Tied to a rope stretched between two trees is an orange strip of fabric. It represents a recent victim of gun violence.
Next to the first piece of orange fabric is another one. Then another one. And another. And then hundreds more. Between two other trees is another rope, and hundreds more orange strips are tied to it. And there is a rope of orange over there, and over there and over there.
More than 30,000 orange ribbons — a constantly growing number — are included in “Enough,” a public art project from Chicagoland artist Jacqueline von Edelberg that weaved throughout a community rally Saturday, July 9, at Sunset Woods Park in Highland Park.
Participants who arrived early tied more orange strips to the artwork, and as the event began, seven more pieces were ceremoniously added to the project. Each new piece included the name of a person who was killed in the mass shooting on Monday, July 4, during Highland Park’s Independence Day parade.
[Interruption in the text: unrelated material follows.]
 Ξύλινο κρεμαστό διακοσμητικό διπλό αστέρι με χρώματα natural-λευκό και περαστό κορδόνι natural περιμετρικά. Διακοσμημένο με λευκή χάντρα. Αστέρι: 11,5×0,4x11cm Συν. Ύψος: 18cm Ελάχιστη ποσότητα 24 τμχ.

Just two weeks prior, and nine days before the shooting, von Edelberg’s “Enough” was featured by the Art Center of Highland Park, where event organizers read the names of gun-violence victims during an installation event on June 25.
On Saturday, it was the centerpiece amid more intimate mourning as hundreds of supporters came to the park to honor the victims, comfort each other and demand an end to gun violence.
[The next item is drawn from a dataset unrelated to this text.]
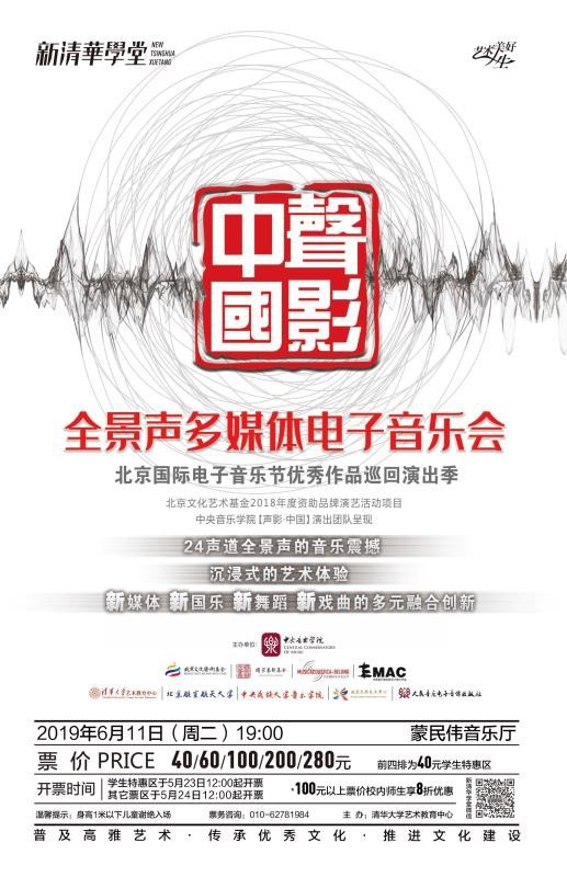 【声影·中国】是北京国际电子音乐节20年来经典作品的汇聚和展演,这是中国电子音乐会第一次走出“象牙塔”,走进高校、面向社会。全景声的跨界演出形式越来越受到观众的喜爱,2019年6月11日,【声影·中国】将在清华大学蒙民伟音乐厅迎来巡演季的最后一场演出。请关注下面的订票信息。6月11日,我们相聚清华大学!

“This is not normal,” said Rachel Jacoby, the event’s organizer. “I’m here today to remind us that it doesn’t have to be this way. We deserve to live in a country where guns are not the leading cause of death for children.”
Jacoby’s passionate words and pleas were often met with stirring applause, as were those of other speakers, such as elected officials U.S. Rep. Brad Schneider and Lake County State’s Attorney Eric Rinehart and local activists Anthony McIntyre, founder of the Antmound Foundation, out of Lake County.
McIntyre’s organization focuses on getting guns off the streets and he spoke about how gun violence is a problem for all communities. He said no matter where you live, “There is a universal problem of guns being in the hands of people who shouldn’t have them.”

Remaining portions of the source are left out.